The safety and scientific validity of this study is the responsibility of the study sponsor and investigators. Listing a study does not mean it has been evaluated by the U.S. Federal Government. Read our disclaimer for details. Identifier: NCT02353494
Recruitment Status : Completed
First Posted : February 2, 2015
Last Update Posted : February 1, 2017
Eijkman Institute for Molecular Biology
World Health Organization
Information provided by (Responsible Party):
Menzies School of Health Research

Brief Summary:
This is an observational safety and efficacy study on dihydroartemisinin-piperaquine in Timika, Indonesia with a 42 day follow up period.

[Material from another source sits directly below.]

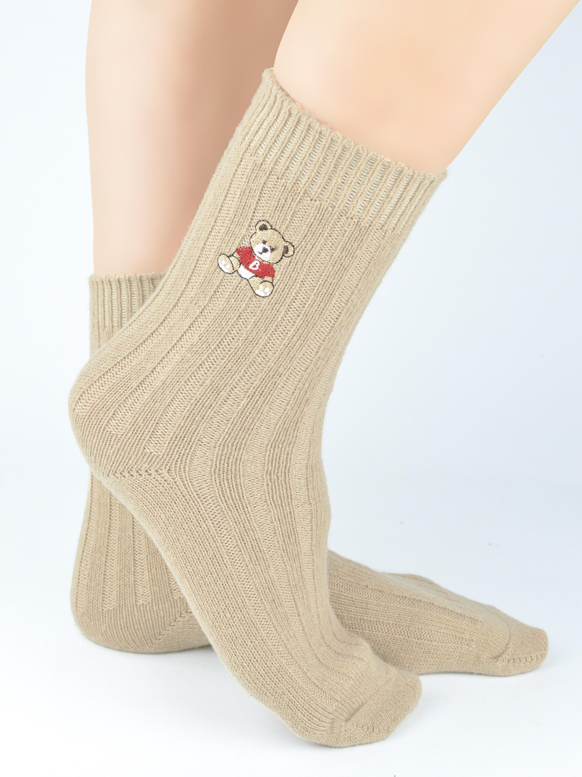 Ciepłe skarpety z prawdziwą wełną miś SW025 beż- Noviti

Condition or disease Intervention/treatment
Plasmodium Falciparum Infection Plasmodium Vivax Infection Drug: Dihydroartemisinin-Piperaquine

Detailed Description:

Dihydroartemisinin-piperaquine (DHA-Pip) is part of the current national guidelines for the treatment of uncomplicated malaria in Indonesia. In order to guarantee safe and efficacious treatment for all patients diagnosed with uncomplicated malaria in the area, it is essential to monitor the effectiveness of the recommended treatment from a clinical perspective and assess whether the provided treatment is safe for recipients. This trial re-evaluates the local efficacy and safety of DHA-Pip for P. falciparum and P. vivax infections.

Patients with uncomplicated malaria attending a public health care facility in Timika, Papua, Indonesia, who meet the study inclusion criteria will be enrolled, treated on site with DHA-Pip and followed up for 42 days. The follow-up will consist of a fixed schedule of check-up visits and corresponding clinical and laboratory examinations. On the basis of the results of these assessments, the patients will be classified as having therapeutic failure (early or late) or an adequate response. The proportion of patients experiencing therapeutic failure and drug related adverse events during the follow-up period will be used to estimate the efficacy and safety of the study drug. PCR analysis will be used to distinguish between a true recrudescence due to treatment failure and episodes of reinfection.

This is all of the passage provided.